When operating upon living flesh, always have your knives rather too large than in any measure too small. The work is performed quicker; besides, the hands are kept at some distance from the wound, and the eyes thereby are enabled to direct their movements. The probability of mistakes is thus lessened, and no man, with a knife in his hand and bleeding flesh under his eyes, has a right to expose himself to the possibility of an error which, of course, is not to be erased or atoned for.
Should a horse, when under the knife, struggle, do not attempt to contend with the animal. Immediately leave hold of your instruments, and withdraw your person out of danger. Allow your knife, etc. to remain; it will seldom be displaced, or, if cast out of the wound, can be easily reintroduced; whereas, did you endeavor to snatch away or to retain your hold, the most lamentable consequences might be the result.
Another caution, and this part of the writer's office is concluded. When you operate upon a leg, have that limb uppermost, unless your incision is made upon the inner side. Have the foot placed upon a pillow or sack stuffed with straw, and a strong webbing put around the hoof. The webbing give to a man who is to pull at it. The dragging sensation renders the horse inclined to retract the member; therefore place yourself in front of the limb, or on the same side as the man who holds the webbing. The fore leg, when advanced, cannot be readily employed as a weapon of offense, and the hind limb is always, when used in defense, projected backward.
OPERATIONS—TRACHEOTOMY.
This operation is, perhaps, the most humane recourse of veterinary surgery. Neurotomy may save the horse from greater and longer suffering; but tracheotomy is performed, unlike the former operation, upon an animal in an unconscious state. Difficult respiration, either from tumor pressing upon the larynx, infiltration upon the lining membrane of the larynx, or choking from various causes, produces imperfect oxygenation of the blood. The vital current being impure, of course the brain which it nurtures is not in a condition of health or activity. The consciousness is impaired or altogether destroyed; and immediate relief is experienced after the performance of the operation. The recovery is as rapid as the previous symptoms were alarming. The altered aspect of the animal is as though the body were resuscitated. In certain cases, where every breath is drawn in pain, the ease afforded by tracheotomy is most marked. It makes little difference to Nature, by what means the air is inhaled, so that a sufficiency of diluted oxygen come in contact with the absorbing membrane of the lungs. This, when the larynx is closed or diseased, tracheotomy permits to be accomplished. It is equally beneficial, safe, and humane. However ugly its description may read, it is in practice to be strongly recommended.
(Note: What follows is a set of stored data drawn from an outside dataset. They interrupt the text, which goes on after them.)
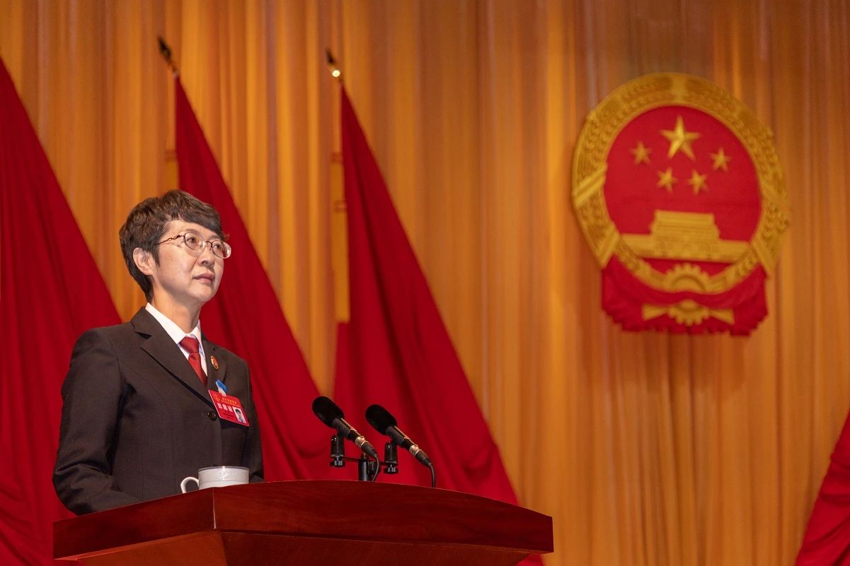 受区十九届人大常委会委托,宋红梅主任向大会报告工作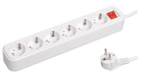 Удлинитель 6 мест 16А пластик белый шнур 5м ПВС IP20 с выключателем IEK (ИЭК) Classic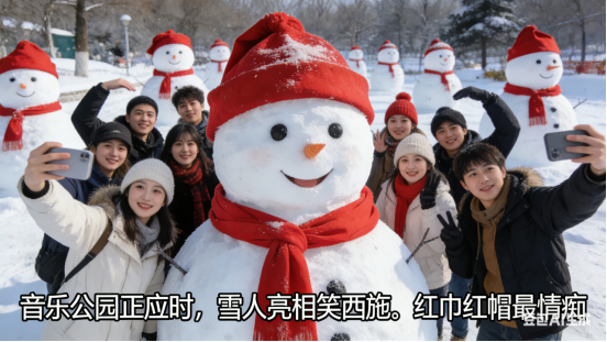 音乐公园正应时,雪人亮相笑西施。红巾红帽最情痴。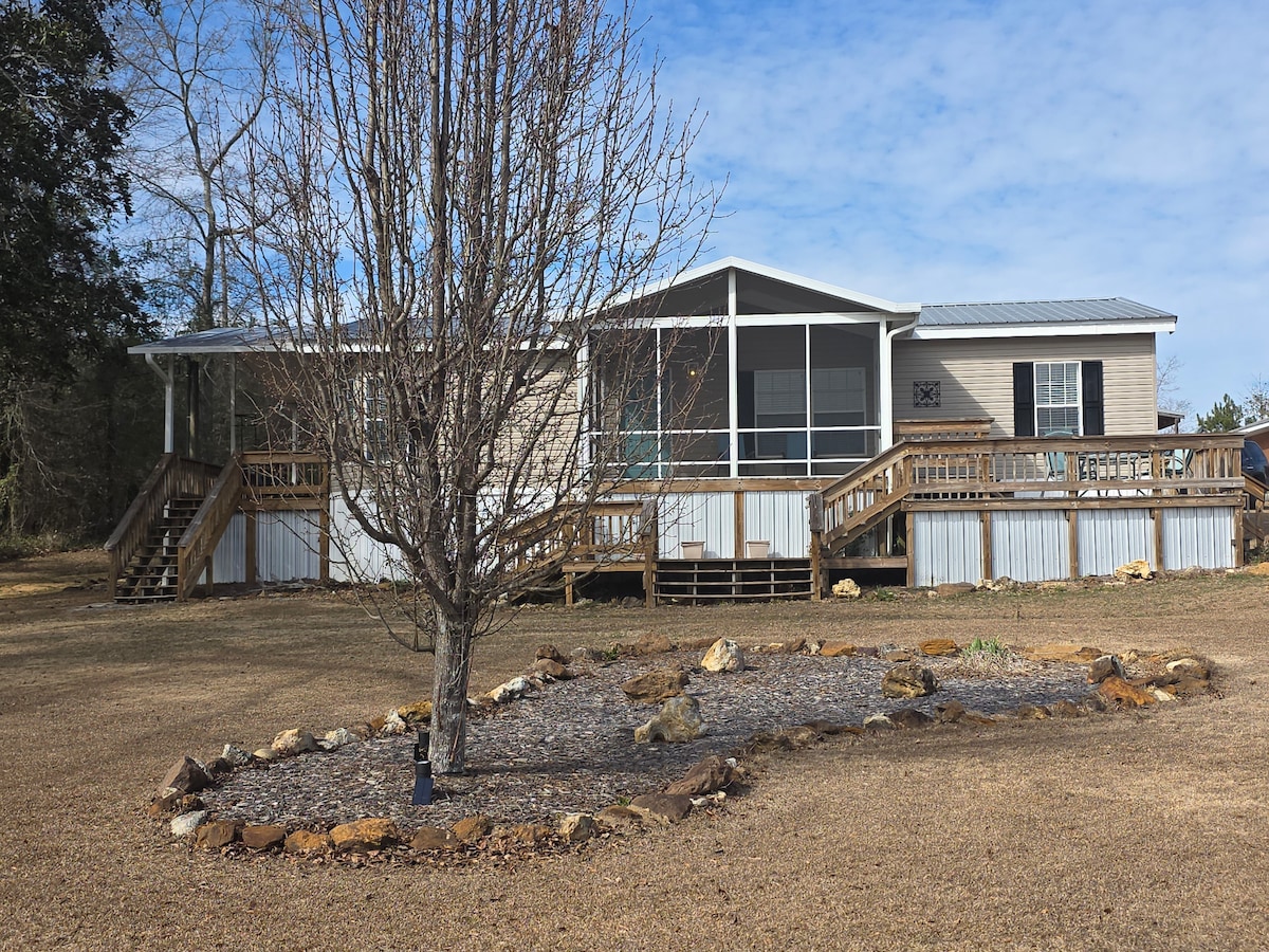 Dumadaan ka man o nagbu - book para sa isang paligsahan sa pangingisda, pupunta ka man sa bayan para mangaso, kami ang bahala sa iyo! Mayroon kaming malaking turnaround at paradahan para sa iyong mga bangka. Wala pang 2 milya ang layo namin mula sa Lakepointe Marina at iba pang drop - in sa lawa. Ilang minuto kami mula sa Spring Hill at mga nakapaligid na lugar para sa inyong lahat na darating para manghuli. 3 milya mula sa makasaysayang bayan ng Eufaula na may mga restawran at amenidad. Mainam kami para sa mga alagang hayop! Pero hindi kami naglilinis pagkatapos ng iyong mga alagang hayop.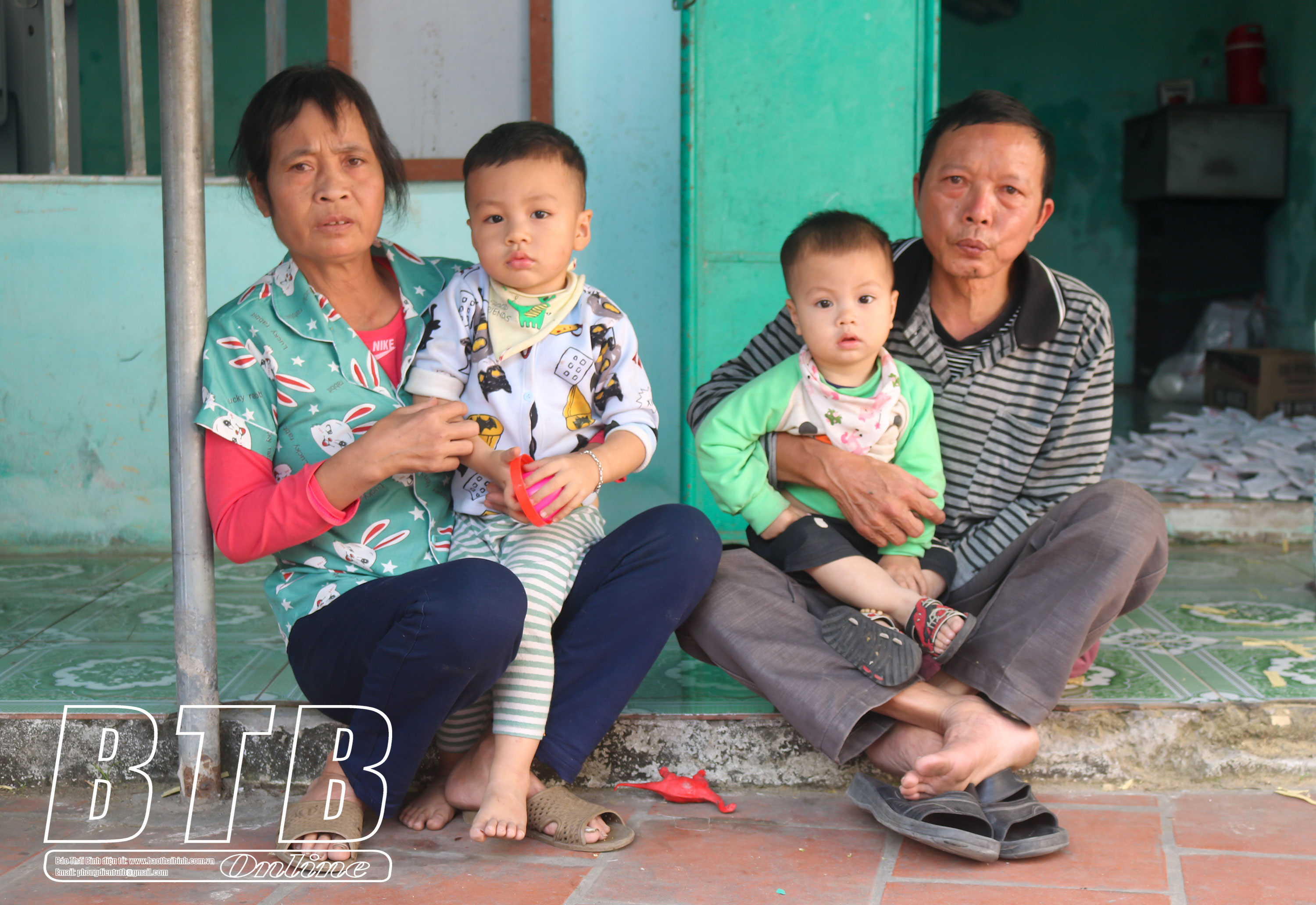 Men theo con đường dẫn lối vào thôn Duyên Hà, xã Đông Kinh (Đông Hưng), chúng tôi tìm đến nhà anh Đỗ Văn Duy. Ngôi nhà với những mảng tường bong tróc ẩm mốc, rộng chừng hơn 25m2 nhưng lại là chỗ ở của cả 3 thế hệ: Bố mẹ, hai vợ chồng anh và hai con của anh chị. Là hộ nghèo nên cuộc sống của cả gia đình anh rất chật vật. Anh làm phụ hồ, còn chị đi làm công nhân. Khó khăn càng chồng chất khó khăn khi cả bố mẹ và 2 cậu con trai của anh cùng mắc bệnh hiểm nghèo. Năm 2016, mẹ anh bị mắc bệnh giảm tiểu cầu vô căn điều trị. Đến năm 2017, lại một lần nữa gia đình anh nhận được hung tin: bố anh bị ung thư lưỡi, mặc dù đã phải cắt bỏ 1/2 lưỡi nhưng hiện tại vẫn còn nhiều hạch ở cổ. 2 cậu con trai đều mắc bệnh về máu bẩm sinh. Cậu con trai lớn sinh năm 2017 thường hay bị tím mặt, lịm người. Con trai thứ hai bị nhiễm trùng máu và thiếu máu, hàng tháng phải lên khám và điều trị tại Viện Huyết học và Truyền máu trung ương.

The general fault with veterinary surgeons is the delay which commonly pushes off the operation to the last moment. In this delay the proprietor is, perhaps, equally or even more at fault. Hope leads the owner on to the very last, and even then it is with reluctant horror that consent is given "to cut the horse's throat." Such is the term by which certain practitioners characterize tracheotomy; and though it is uttered merely as a joke, yet it creates an impression which acts against a harmless operation.
In agricultural districts, the veterinarian is frequently knocked up at night by a messenger, who announces "Farmer Hodges's horse be a dying." The farmer may live several miles off in the country; and the reluctant sleeper hurries on his clothes to obey the implied summons.
In due time the pair reach farmer Hodge's homestead. It needs no finger to point out the stable. The sound of laborious breathing effectually notifies it. However, the practitioner, upon entrance into the place, is horrified to find himself there with no better company than a boy and a rapidly-sinking animal. The circumstances demand other assistance. The horse doctor cannot help giving voice to his requirements. The lad hearing this, says hastily he will fetch somebody very soon—hangs up the lantern and vanishes into the darkness.
Minutes pass and no footfall greets the ear. The divisions of the hour are struck by the village church, and still no sound of returning steps. The animal becomes worse and worse. In its disabled state it fears to lie down, as that position impedes the breathing. In its efforts to stand, it reels about—now falling to one side and then to the other. Yet the departed messenger does not return. The veterinarian finds the limits of delay are passed: ten minutes more and the quadruped will be down. He takes out his lancet. One foot from the breast-bone, and as near the center of the neck as the rocking motion of the horse or the flickering light of the lantern will allow him to aim, he plunges the blade deeply into the flesh, if possible at one cut dividing the cartilages of the trachea. He has little control over the incision. Frequently a gash results from the tottering of the animal. Mostly he divides more than he would have done had daylight and assistance been afforded him.